Baldwin Hamey

Baldwin Hamey

1600-1676

Vol I

Pg 207

b.24 April 1600 d.4 May 1676

MD Leyden(1626) MD Oxon(1629/30) FRCP(1633/4)

Baldwin Hamey, junior, the most munificent of all the benefactors of our College, was the son of Baldwin Hamey, M.D., already mentioned, who died in 1640, and bequeathed to the College 20l. The subject of our present notice was born in London on the 24th April, 1600, and received his rudimentary education at one of the public city schools. In May, 1617, he was entered on the philosophy line at Leyden, the college in which his father had been educated, and resided there many years, availing himself of the very full curriculum of classical, philosophical, and medical studies then taught in that distinguished university.
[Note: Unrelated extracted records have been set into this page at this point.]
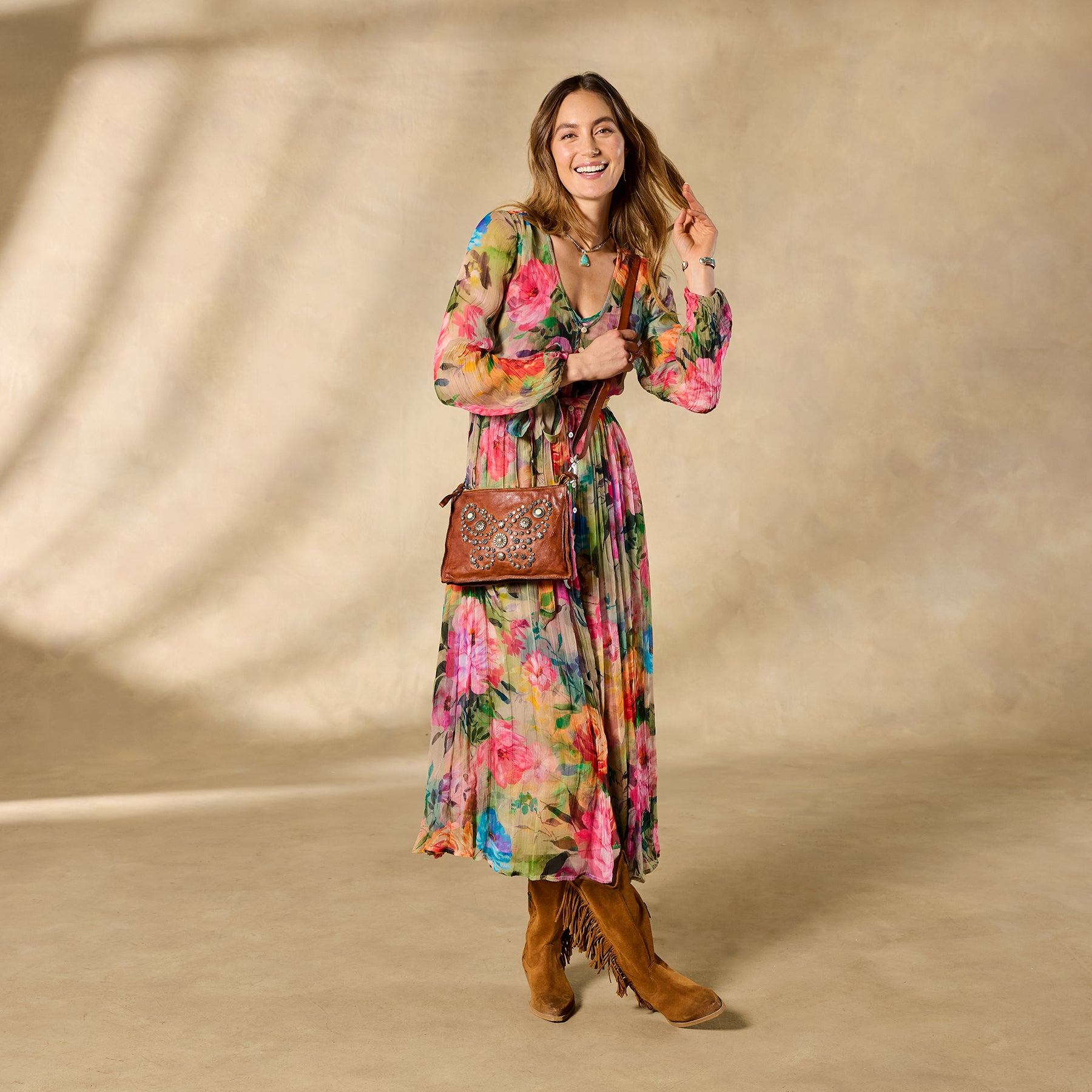 Be a heavenly vision wherever you go in our floaty Halcyon maxi. A vibrant exploded floral pattern further elevates an already stunning jacquard fabric; with shell buttons. elastic cuffs. removable belt and separate printed slip. Viscose. Machine wash. Imported. Exclusive. Sizes XXS (00). XS (0–2). S (4–6). M (8–10). L (12–14). XL (16–18). Approx. 49l.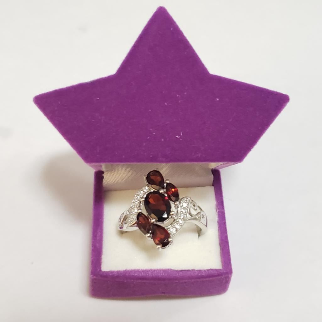 Silver Garnet(2.3ct) Cubic Zirconia Ring (~Size 9)(Ring is resizable for $40) (~length 0inches) (~weight 4.08g), Suggested Retail Value $240 (Estimated Selling Price from $36 to $72)
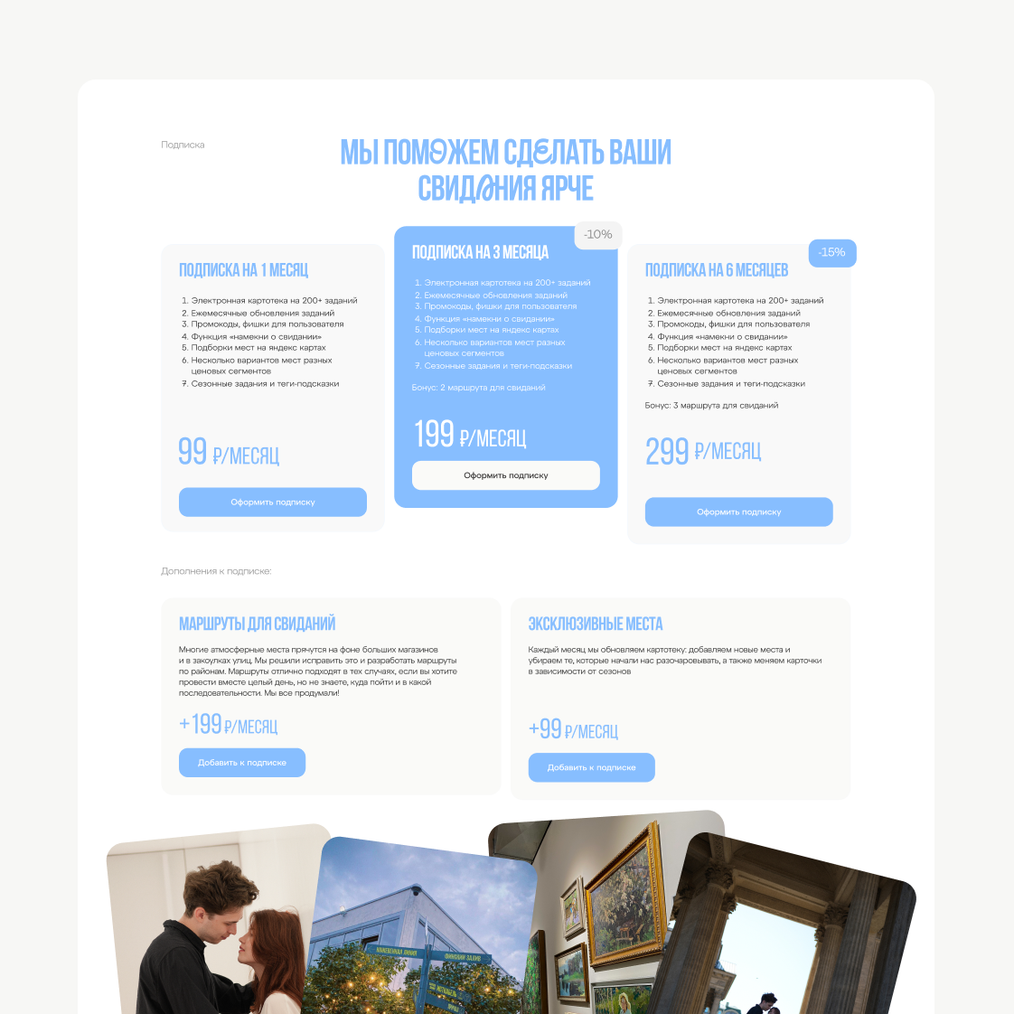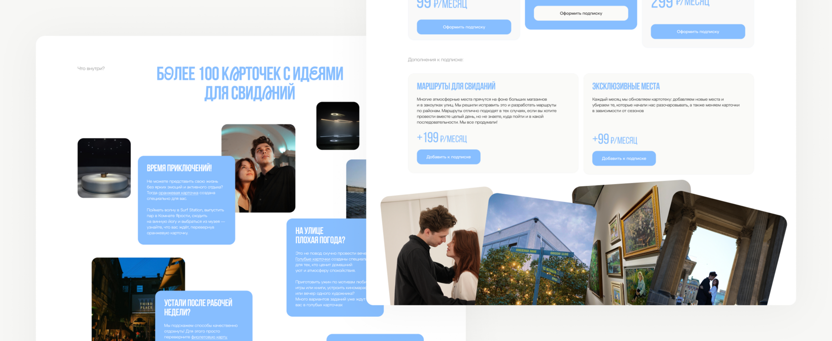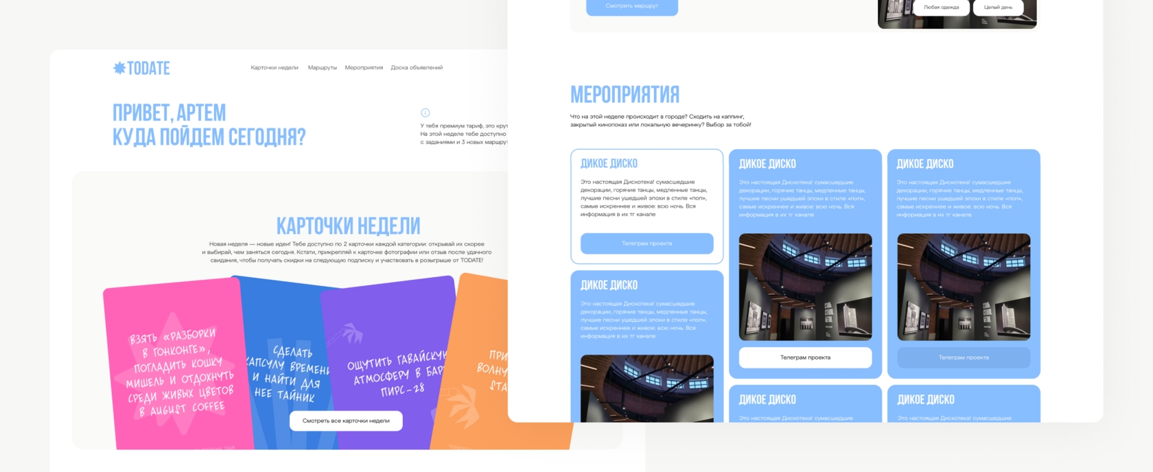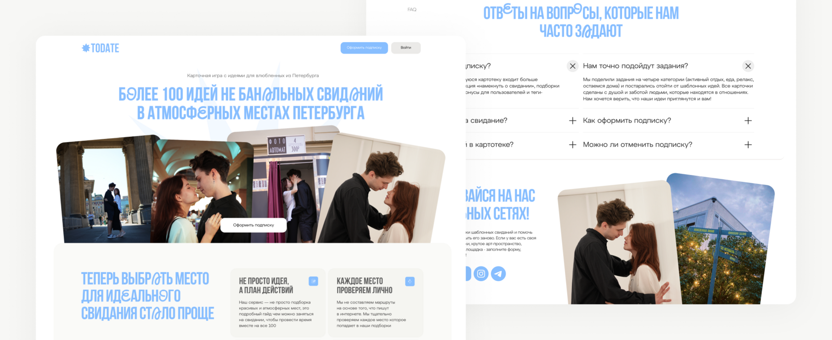 Разработан яркий, легкий и интуитивно понятный сайт с карточками идей, тематическими подборками и возможностью подписки. Каждое место проверяется вручную, а сервис регулярно обновляется, предлагая новые маршруты и эксклюзивные локации. «ToDate» превращает поиск идеального свидания в увлекательную игру, делая романтические вечера особенными.

Hamey himself tells us (1) that he was first sent to Leyden, and then to Oxford; the dates of his admission to the latter was, as we learn from Wood, 1621, when "he was admitted a student into the public library". He returned to Leyden in August, 1625, and there proceeded doctor of medicine, the 12th August, 1626 (2). Dr Hamey then passed on into Germany, France, and Italy, making some stay at each of the universities of Paris, Montpelier, and Padua, availing himself of every opportunity of improvement, and seeking the acquaintance of the most celebrated scholars and physicians.
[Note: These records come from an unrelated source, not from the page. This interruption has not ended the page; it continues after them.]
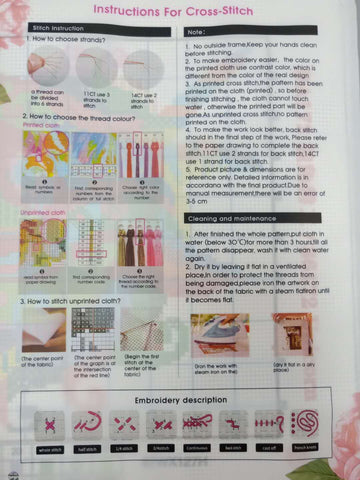 【The Package Contains】Pre-printed embroidery cloth ×1, Needle×2, All color threads, Description ×1, Drawing ×1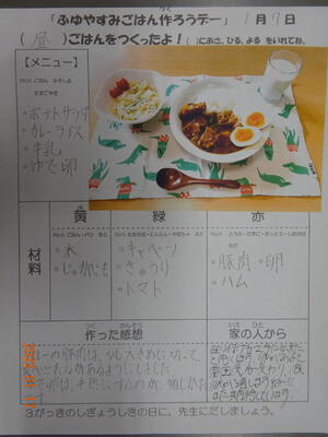 次回は、2月の朝食(味噌汁)作ろうデーになります。豪華でなくて構いません。ごはんと味噌汁と納豆など無理なくできるものでいいです。そのうち、お子さんに「ごはんつくるよ!」なんて言ってもらえるようになると嬉しいですね。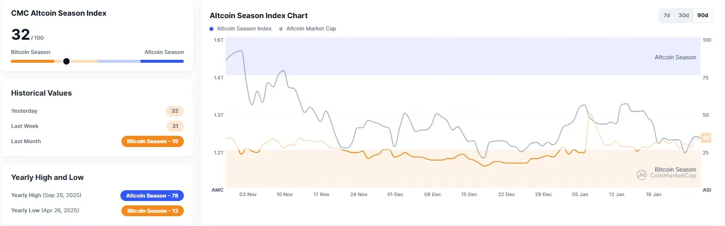 CoinMarketCap's Altcoin Season Index has risen seven points from yesterday to 32. The index measures whether it is an altcoin season or a Bitcoin season by comparing the price performance of the top 100 coins by market capitalization, excluding stablecoins and wrapped coins, against Bitcoin. An altcoin season is indicated if 75% of the top 100 coins have outperformed Bitcoin over the past 90 days. A reading closer to 100 suggests the market is in an altcoin season.

He married Anna Petin, the daughter of a considerable merchant of Rotterdam, a person of "great politeness and discretion, well skilled in several languages, and of great judgment and parts."

Dr Hamey was incorporated at Oxford on his Leyden degree, 4th February, 1629-30; was admitted a Candidate of the College of Physicians, 28th June, 1630; and a Fellow, 10th January, 1633-4. I meet with him as Censor in 1640, 1642, 1643, 1644, 1646, 1648, 1652, 1654: Registrar, 1646, and again 1650 to 1654 included; Elect, 1st March, 1653-4 Consiliarius, 4th June, 1658, in place of Sir Maurice Williams, deceased, and thence on to 1666; Treasurer, 1664, 1665, 1666.

Dr Hamey delivered the anatomical lectures at the College in 1647, and acquitted himself in a manner highly satisfactory to his hearers. His relative and biographer, Mr. Palmer, tells us (3) that "in these lectures appears such a noble spirit and ardour of science and ingenuity, that the anatomist seems to contend with the wit, the Grecian and Latinist with both, which shall excell. His instructions in them were as entertaining, as advantageous and improving to his auditors; wherein are discernible a thorough intimacy with the writings of the ancient philosophers, orators, historians, and poets, as well as the capital writers in all the branches of physic, both Greek and Latin, and he so blends their sayings with the matters he treats of, that one would think those very passages to have been written by them for the very purpose he designs them." The MS of these lectures, in the writing of Dr Hamey, is in the possession of the College, to which it was presented by Dr Monro.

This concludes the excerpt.